DATA FOR THIS EXERCISE:

==========

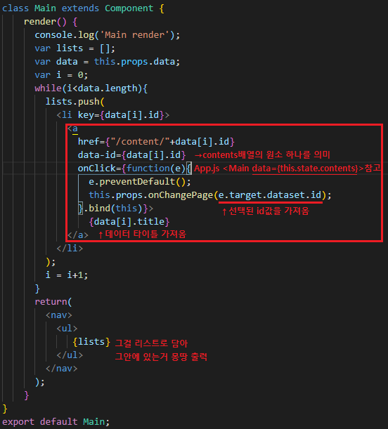 - 핸들러메소드 안에 this.props.onChagePage함수 (e.target.datatset.id)를 인자로 넣어준다. (페이지 변경해야하니깐)
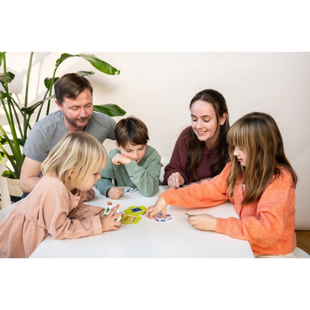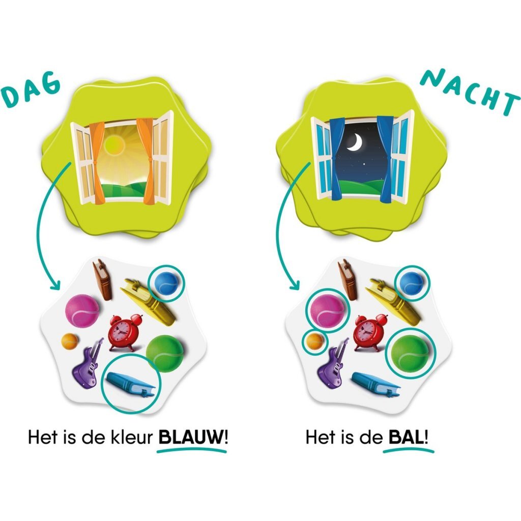Draai een kaart om, doorzoek de rommelige kamer en probeer als eerste de kleur of het figuur te vinden die het meest voorkomt.
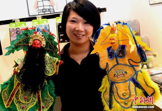 4月13日,中新社記者探訪位于福州馬尾馬限山的“左營佐贏”海峽兩岸(船政)文化創意產業園。“左營佐贏”園區起自船政文化博物館,依馬限山而建,占地約13畝、建筑面積約4200平方米,是一條具有船政特定歷史時期(1866年~1920年)風格的街區。民宅、教堂、名人故居、亭、臺、樓閣和當時在馬尾出現的英、法建筑錯落山道。自貿區的虹吸效應正在展現,令該園區一開張就“引鳳”14家臺企,入住率高達九成。圖為該產業園臺灣文創美學館負責人展示布袋木偶。 (中新社記者 劉可耕 攝)
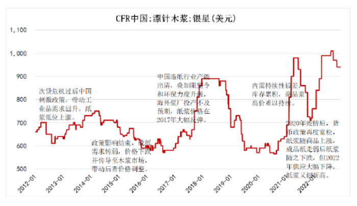 然而,針對(duì)木漿這一原材料,生活用紙企業(yè)非常被動(dòng)。據(jù)方正中期期貨數(shù)據(jù)顯示,我們可以在下表的漂針木漿(銀星)CFR現(xiàn)貨價(jià)走勢中發(fā)現(xiàn),從2012年到2022年,木漿價(jià)格整體攀升幅度非常大,同時(shí)波動(dòng)明顯。直到2022年,木漿現(xiàn)貨價(jià)格達(dá)到歷史高位。由此可見,生活用紙企業(yè)在囤積原材料方面壓力不小。
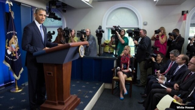 | Horas antes de entrar en vigor el cierre el pasado martes, Obama hizo declaraciones a la prensa en la Casa Blanca. |
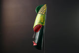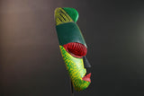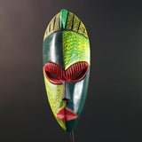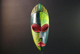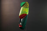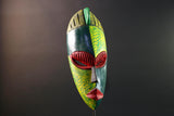 This african wall mask was hand-carved and painted for vibrant decorative display. Featuring a long symmetrical face, bright green and yellow patterning, and red lips and eyes, this african wall mask blends traditional styling with modern artistic design. Its smooth wood structure and sculpted features reflect the craftsmanship of African wall sculpture.
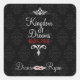 Pegatina de bodas de destino con acento fugaz d li en una oscura damasco negro
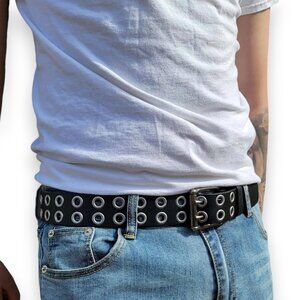 Black faux leather belt with double row silver grommets studded belt, straps for a bold touch of style that works for both men and women. Perfect for Y2K, Rock 'n' Roll, Streetwear, or Moto looks, this versatile piece is perfect for accessorizing your attire! With a sturdy design and secure double-prong buckle, you can wear it high-waisted or low on the hips. From everyday wear to concerts and rebellious fashion statements, this belt adds an effortless touch of cool to any aesthetic.
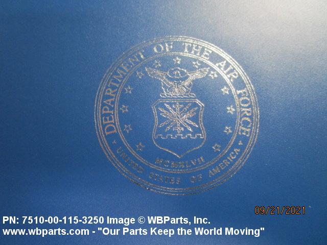 | GENERAL CHARACTERISTICS ITEM DESCRIPTION | PASTED CHIPBOARD,PADDED W/POLYURETHANE FOAM,BLUE VINYL O/A COVERING,RIBBED BACK,FOUR RIGHT ANGLED CORNER POCKETS INSIDE EACH COVER,8 1/2 X 11 IN. SHEET SIZE,TWO CLEAR PLASTIC PROTECTOR SHEETS,AIR FORCE SEAL DEBOSSED IN SILVER AND CENTER OF FRONT COVER |
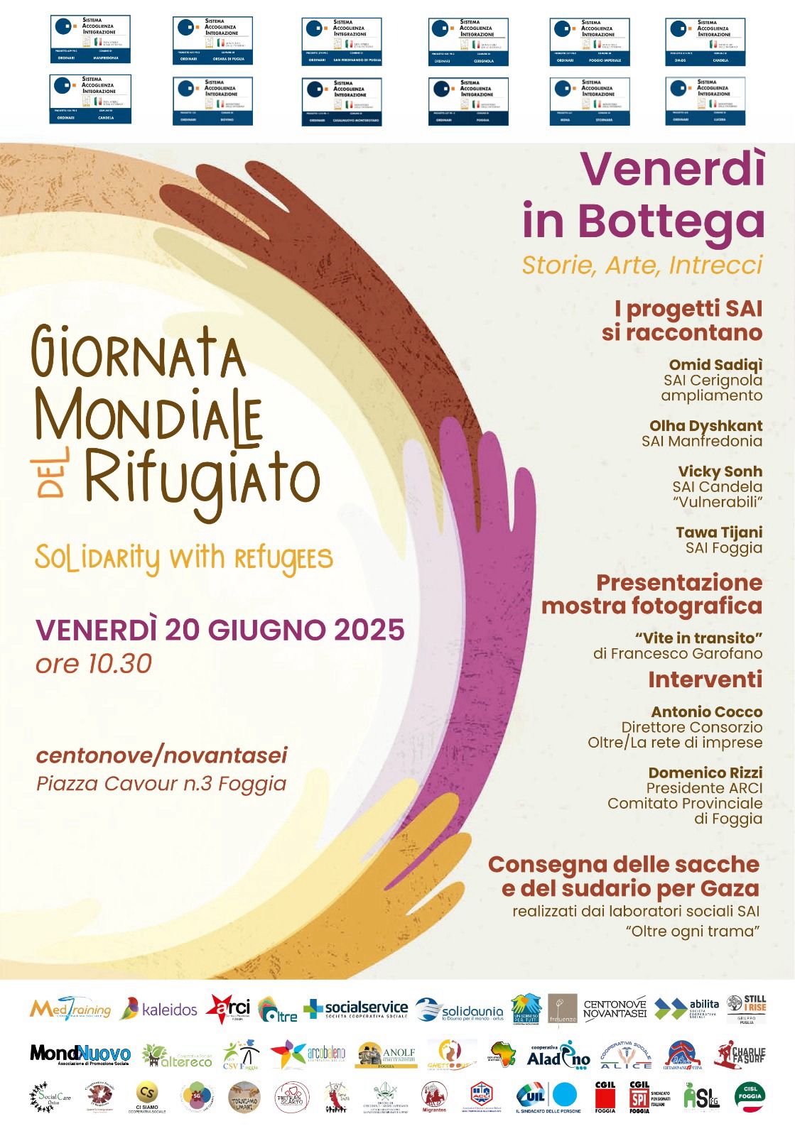 realizzati dai laboratori sociali SAI “Oltre ogni trama”, che coinvolgo beneficiarie e beneficiari dei progetti di Candela Vulnerabili, Cerignola ampliamento, Poggio Imperiale, la Puglia non tratta. Previsti anche gli interventi di Antonio Cocco, direttore consorzio Oltre la rete di imprese, e Domenico Rizzi presidente ARCI Comitato Provinciale di Foggia. Nel corso dell’incontro, aperto alla cittadinanza e alla stampa, saranno anche lanciati i prossimi appuntamenti, come la presentazione del libro “Non è stato il mare. Né a Cutro. Né altrove. Né prima. Né dopo” in programma il 24 giugno a Borgo Mezzanone e la “Giornata Mondiale del Rifugiato” che animerà piazza Primo Maggio a Cerignola il 26 giugno tra giochi per bambini, attività ludiche, treccine africane, danze popolari, musiche e tanto altro.

==========

PROBLEM:
Stop at the line containing "(中新社記者 劉可耕 攝)" and include it. Everything from the first line of the material up to there is to be repeated exactly, leaving out pictures.

WRITTEN ANSWER:
 - 핸들러메소드 안에 this.props.onChagePage함수 (e.target.datatset.id)를 인자로 넣어준다. (페이지 변경해야하니깐)
Draai een kaart om, doorzoek de rommelige kamer en probeer als eerste de kleur of het figuur te vinden die het meest voorkomt.
 4月13日,中新社記者探訪位于福州馬尾馬限山的“左營佐贏”海峽兩岸(船政)文化創意產業園。“左營佐贏”園區起自船政文化博物館,依馬限山而建,占地約13畝、建筑面積約4200平方米,是一條具有船政特定歷史時期(1866年~1920年)風格的街區。民宅、教堂、名人故居、亭、臺、樓閣和當時在馬尾出現的英、法建筑錯落山道。自貿區的虹吸效應正在展現,令該園區一開張就“引鳳”14家臺企,入住率高達九成。圖為該產業園臺灣文創美學館負責人展示布袋木偶。 (中新社記者 劉可耕 攝)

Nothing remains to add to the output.